(Work task)
Though the records contain pictures, copy none of them; repeat exactly the lines from the one with "毫无疑问,阮马丁是个传奇。这" to the end.

(Data extract)
┌──
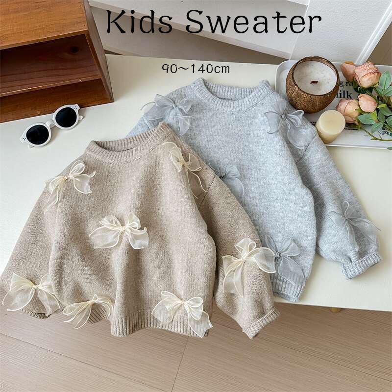 リボン付きニット セーター キッズ 無地 子供服 男の子 女の子 スクールセーター 洗える トップス 長袖 おしゃれ 可愛い ジュニア 赤ちゃん 春秋冬 暖かい 誕生日 プレゼント 入園 クリスマス
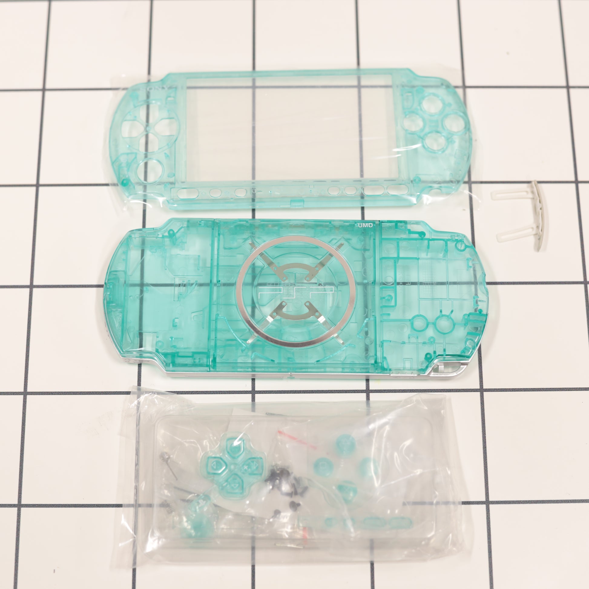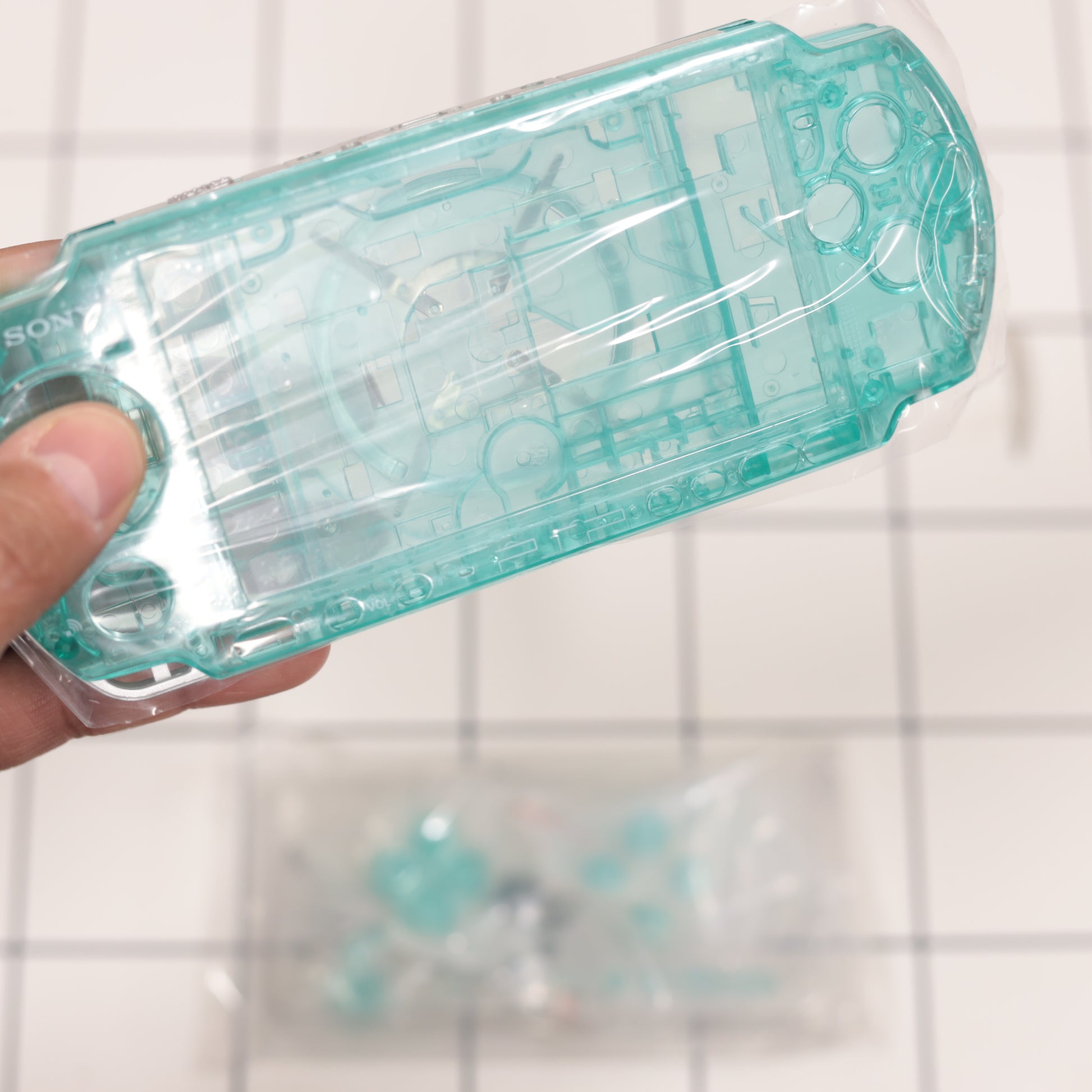 Keywords: PSP 3000 shell, PSP-3001 housing, green clear PSP shell, transparent PSP case, PSP mod parts, PSP restoration |
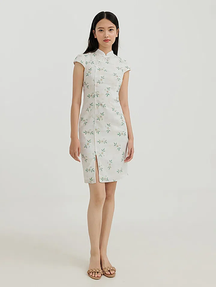 Fayth的这款白色旗袍温婉可人,腰线处带有收腰的设计,穿上后很显身材噢~ 出门拜年前,简单将头发盘起/微卷,立马get一个很有氛围感的造型。
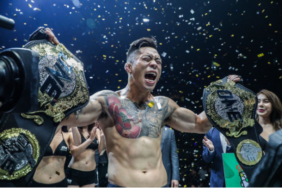 毫无疑问,阮马丁是个传奇。这位在澳大利亚长大的越南裔青年原本想成为一名橄榄球冠军,梦想失败后,他继承了父亲的工作,成为一名全职机械师。上天给了他一副强有力的身体,命运为他打开一扇新窗。为了减肥,他开始练习格斗,那时阮马丁已经21岁了,从没想过自己会成为格斗冠军。可2年之后,天赋过人的阮马丁就在职业擂台连闯三关,成为澳大利亚BRACE羽量级冠军。“亚洲旋风”阮马丁的重拳如同狙击枪般精准,常在对攻中上演“一击毙命”的精彩好戏。靠着一连串的KO,阮马丁在ONE 冠军赛掀起一阵“阮式”旋风,爱德华·凯利、李凯文、李胜龙、横田一则,连续四名对手都在一回合内被他终结。阮马丁复仇击败马拉特·加富罗夫成为羽量级统治者,随后又战胜ONE轻量级世界冠军埃杜阿德·弗拉杨,获得了第二条世界冠军金腰带。如果不是雏量级的统治者“闪电”比比亚诺用顽强抵抗换来一场分歧判定胜利,阮马丁很可能将创造历史,拿到三个级别冠军腰带。阮马丁11场胜利中有10场提前终结对手,奋力拼搏的姿态让他成为一个优秀的榜样。“作为三个孩子的父亲,我希望让他们看到,为梦想努力是一件很酷的事情。格斗需要自律、牺牲以及强大的价值观。我想激励越南和澳大利亚的年轻人,用奋斗实现梦想。”
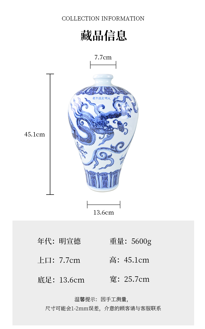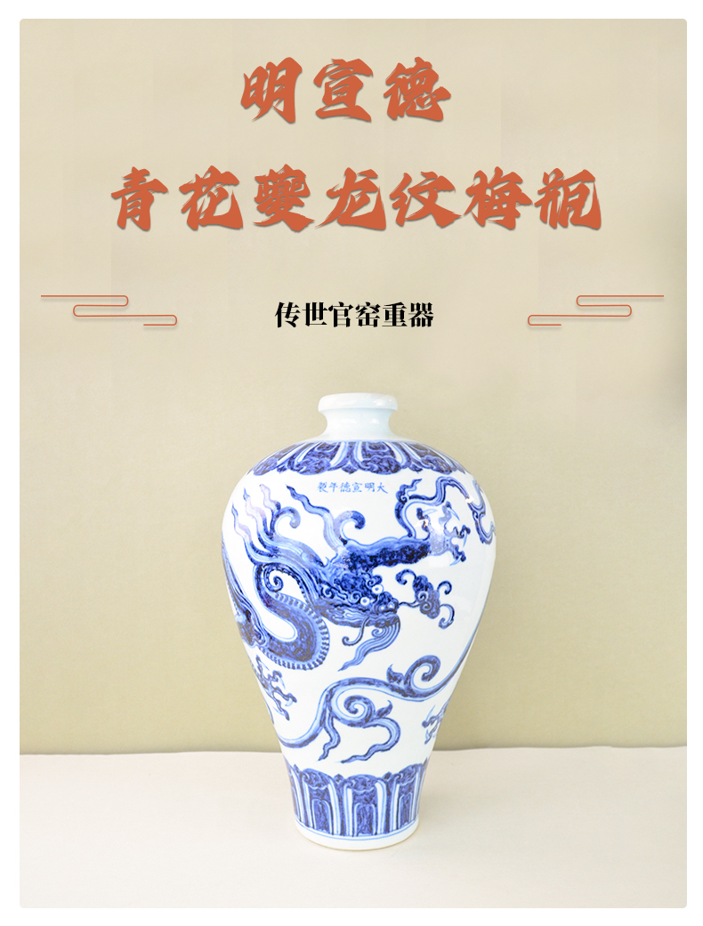 明宣德青花夔龙纹梅瓶
└──
(Response)
 毫无疑问,阮马丁是个传奇。这位在澳大利亚长大的越南裔青年原本想成为一名橄榄球冠军,梦想失败后,他继承了父亲的工作,成为一名全职机械师。上天给了他一副强有力的身体,命运为他打开一扇新窗。为了减肥,他开始练习格斗,那时阮马丁已经21岁了,从没想过自己会成为格斗冠军。可2年之后,天赋过人的阮马丁就在职业擂台连闯三关,成为澳大利亚BRACE羽量级冠军。“亚洲旋风”阮马丁的重拳如同狙击枪般精准,常在对攻中上演“一击毙命”的精彩好戏。靠着一连串的KO,阮马丁在ONE 冠军赛掀起一阵“阮式”旋风,爱德华·凯利、李凯文、李胜龙、横田一则,连续四名对手都在一回合内被他终结。阮马丁复仇击败马拉特·加富罗夫成为羽量级统治者,随后又战胜ONE轻量级世界冠军埃杜阿德·弗拉杨,获得了第二条世界冠军金腰带。如果不是雏量级的统治者“闪电”比比亚诺用顽强抵抗换来一场分歧判定胜利,阮马丁很可能将创造历史,拿到三个级别冠军腰带。阮马丁11场胜利中有10场提前终结对手,奋力拼搏的姿态让他成为一个优秀的榜样。“作为三个孩子的父亲,我希望让他们看到,为梦想努力是一件很酷的事情。格斗需要自律、牺牲以及强大的价值观。我想激励越南和澳大利亚的年轻人,用奋斗实现梦想。”
 明宣德青花夔龙纹梅瓶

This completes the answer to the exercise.